Symmetric Tree easy

Problem Statement

Given the root of a binary tree, check whether it is a mirror of itself (i.e., symmetric around its center).

Example 1

Input: root = [1,2,2,3,4,4,3] Output: true

Example 2

Input: root = [1,2,2,null,3,null,3] Output: false

Steps

  1. Recursive Approach: We'll use a recursive helper function to compare subtrees. The core idea is that a tree is symmetric if the left subtree is a mirror of the right subtree.

  2. Base Cases:

    • If both nodes are nullptr, they are symmetric (empty subtrees).
    • If one is nullptr and the other isn't, they are not symmetric.
    • If their values are different, they are not symmetric.

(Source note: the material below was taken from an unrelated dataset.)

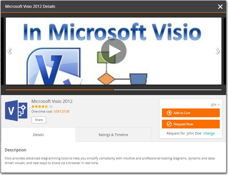 - Click on the catalog item that you want to request. Detailed information about that catalog item is listed.
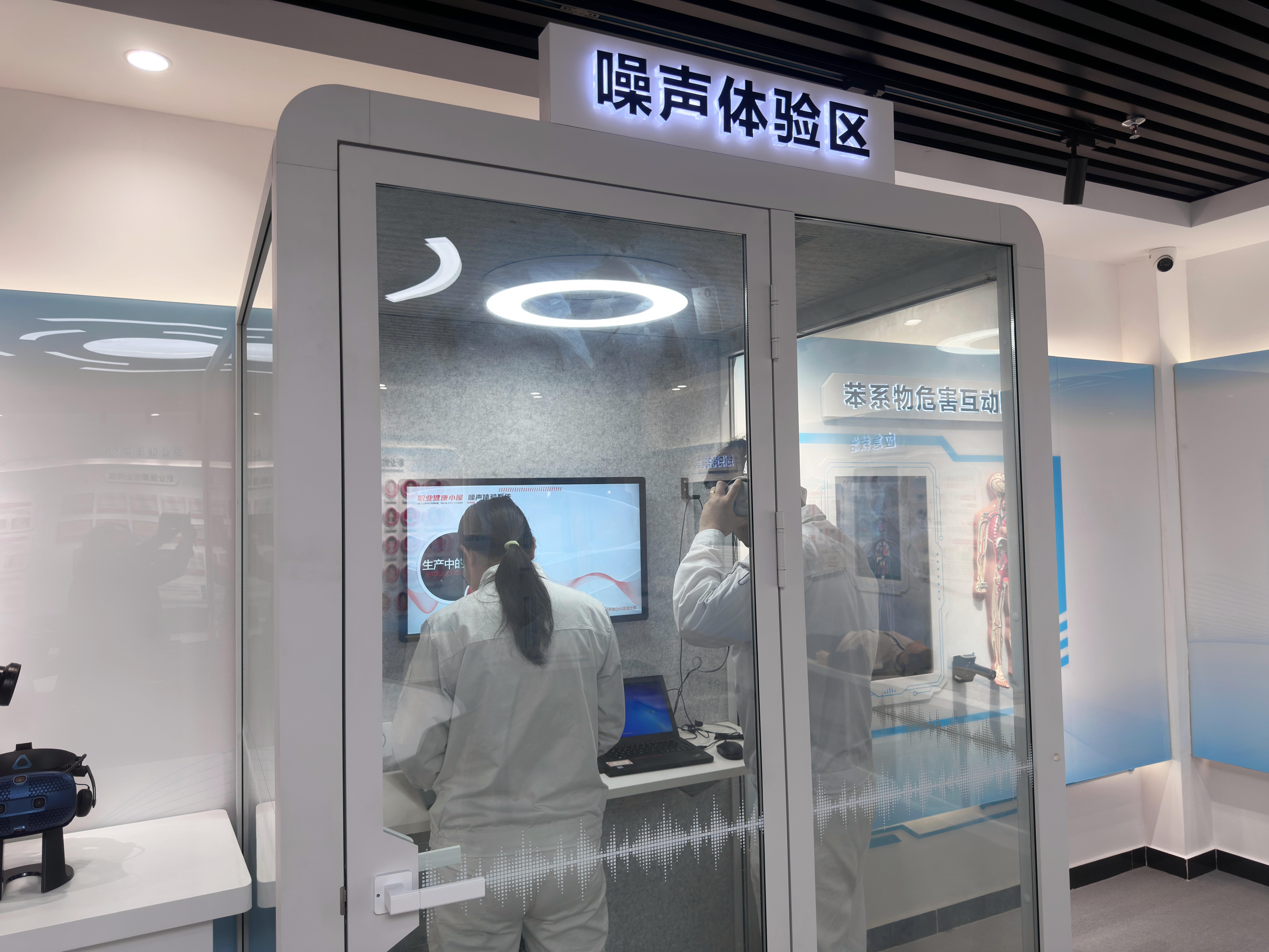 在小屋,这里有职业健康科普知识、体验互动、劳保穿戴、应急救治以及知识竞答等多种方式。最令人印象深刻的莫过于VR体验区和噪声体验区。“点击这个按钮,我就能听到总装车间空压机房内特有的金属碰撞声。”看到仪表上的数值飙升至90.8分贝,头戴耳机的陈经纬下意识皱鼻子:“平时上班,并没有留意到噪声的危害,常常不重视戴耳塞。”他坦言健康小屋的噪声体验“比领导训话管用”。

  3. Recursive Step: If the base cases pass, we recursively check if the left subtree of the left node is symmetric to the right subtree of the right node, and vice-versa.

Explanation

The symmetry check boils down to comparing nodes at the same level but on opposite sides of the tree. The recursion elegantly handles this level-by-level comparison. The base cases ensure that we correctly handle the situations where subtrees might be empty or have different values.

Code

/**
 * Definition for a binary tree node.
 * struct TreeNode {
 *     int val;
 *     TreeNode *left;
 *     TreeNode *right;
 *     TreeNode() : val(0), left(nullptr), right(nullptr) {}
 *     TreeNode(int x) : val(x), left(nullptr), right(nullptr) {}
 *     TreeNode(int x, TreeNode *left, TreeNode *right) : val(x), left(left), right(right) {}
 * };
 */
class Solution {
public:
    bool isSymmetric(TreeNode* root) {
        if (root == nullptr) return true; // Empty tree is symmetric
        return isMirror(root->left, root->right);
    }

    bool isMirror(TreeNode* left, TreeNode* right) {
        if (left == nullptr && right == nullptr) return true; // Base case: both null
        if (left == nullptr || right == nullptr) return false; // Base case: one null, other not
        if (left->val != right->val) return false; // Base case: values differ

        // Recursive step: check if left subtree of left is mirror of right subtree of right, and vice versa
        return isMirror(left->left, right->right) && isMirror(left->right, right->left);
    }
};

Complexity

  • Time Complexity: O(N), where N is the number of nodes in the tree. We visit each node at most once.
  • Space Complexity: O(H), where H is the height of the tree. This is due to the recursive call stack. In the worst case (a skewed tree), H can be equal to N. In the best case (a balanced tree), H is logâ‚‚(N).